Most Picornaviruses use the cytoplasmic surface of ER/Golgi membranes for genome replication. The viral nonstructural proteins 2B, 2C, and 3A are reported to associate with the ER and Golgi membranes and are believed to be important in remodeling through the recruitment of host proteins, such as Golgi proteins ACBD3 (GCP60) and PI3KIIIβ. In addition, RV is known to infect human epithelial cells via ceramide-enriched membrane platforms (13), suggesting that acid sphingomyelinase and ceramide may act as key molecules affecting the infection of human cells by RV. Human ORMDL3 encodes a transmembrane protein that is anchored in the ER. The ER is a site for protein folding, synthesis of lipids and the storage of free calcium. ER stress can reduce the capacity of the ER for protein folding and thereby influence cellular responses to inflammation. It interacts with the serine SPT enzyme complex in sphingolipid synthesis (14). ORMDL3 facilitates the unfolded protein response to cellular stress by influencing SERCA (sarcoplasmic/endoplasmic reticulum calcium ATPase) and ER-mediated Ca2+ flux (15). ORMDL3 also regulates ER stress, ceramide, and sphingosine 1-sulfate levels that regulate cytokine release as well as replication.

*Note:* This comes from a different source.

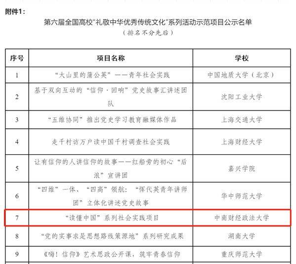 (通讯员 胡瑢 学生记者 吴江波)近日,教育部思想政治工作司公示第六届全国高校“礼敬中华优秀传统文化”系列活动遴选结果,经高校自主申报、专家审核推荐等环节,共推选出示范项目10项、特色展示项目30项。我校“读懂中国”系列社会实践项目成功入选“示范项目”。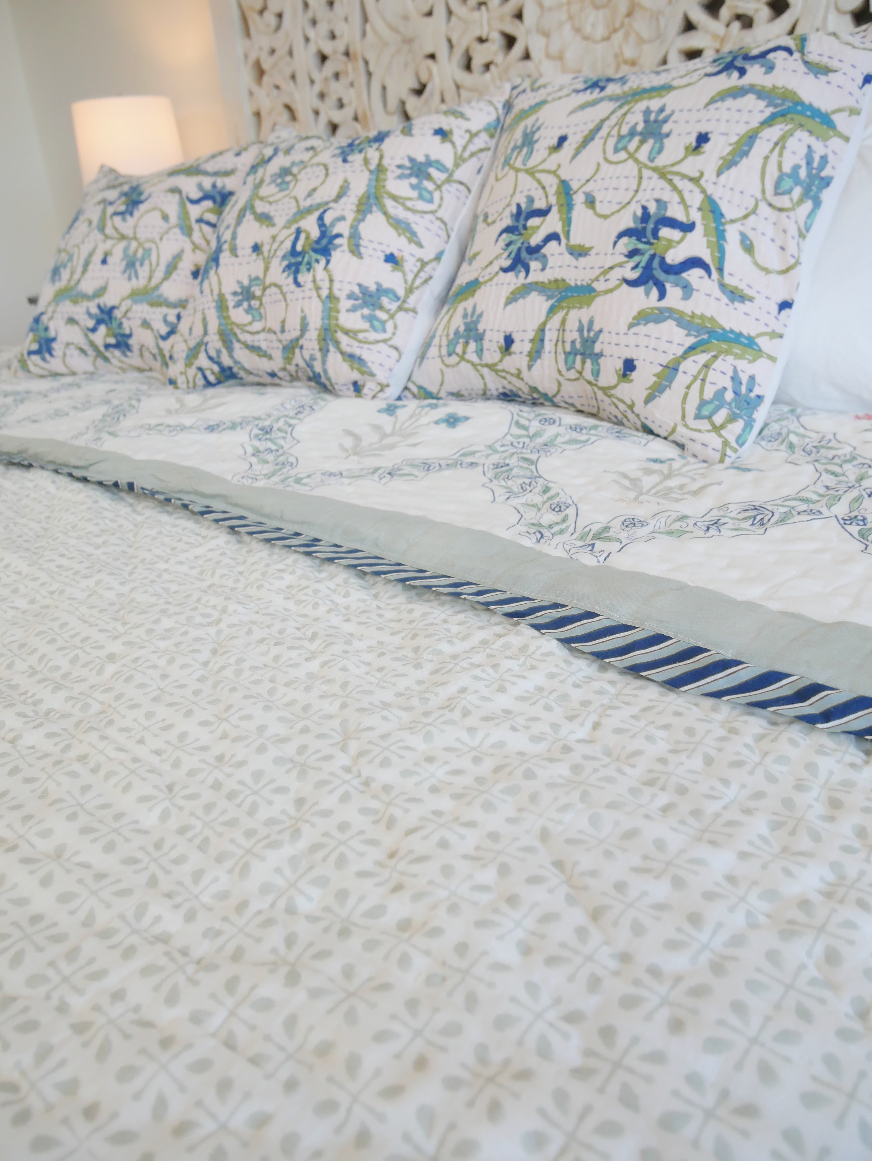 The quilt is elaborately hand printed on both sides in various patterns in typical designs from Rajasthan and can therefore be rotated as shown in our photos.

Thus, ORMDL3 can influence RV infection and associated inflammation in multiple ways: 1) it increases major RV receptor ICAM-1 expression in epithelial cells (and also ceramide-enriched membrane formation), thereby enhancing entry of RV; 2) it arguments RV replication through ER/Golgi membrane remodeling via unknown mechanisms; and 3) it regulates cell ER stress along with ceramide and sphingosine 1-sulfate levels in cells, causing expression and release of proinflammatory cytokines. Along with the epithelial cell damage caused by RV replication, RV infection-dependent activation of transcription of inflammatory genes contributes to the respiratory symptoms (Figure 1). The remaining questions need to be addressed in future research: 1) What is the mechanism that ORMDL3 regulates RV attachment, replication, budding, and cytokine response? and 2) What therapeutic targets can be identified that could be used for the clinical management of RV infection?

Figure 1.

Orosomucoid-like 3 (ORMDL3) and human rhinovirus infection. Rhinovirus (RV) uses ICAM-1 (intercellular adhesion molecule-1) receptor for cellular entry. RV then replicates by modifying the endoplasmic reticulum (ER)/Golgi complex. ORMDL3 can enhance RV entry by upregulating ICAM-1 expression in cells. Viral replication also initiates cell inflammatory response, leading to the generation of cytokines, resulting in further ICAM-1 expression for more viral attachments. ORMDL3 also regulates ER stress, ceramide, and sphingosine 1-sulfate (S1P) levels that regulate cytokine release as well as viral replication.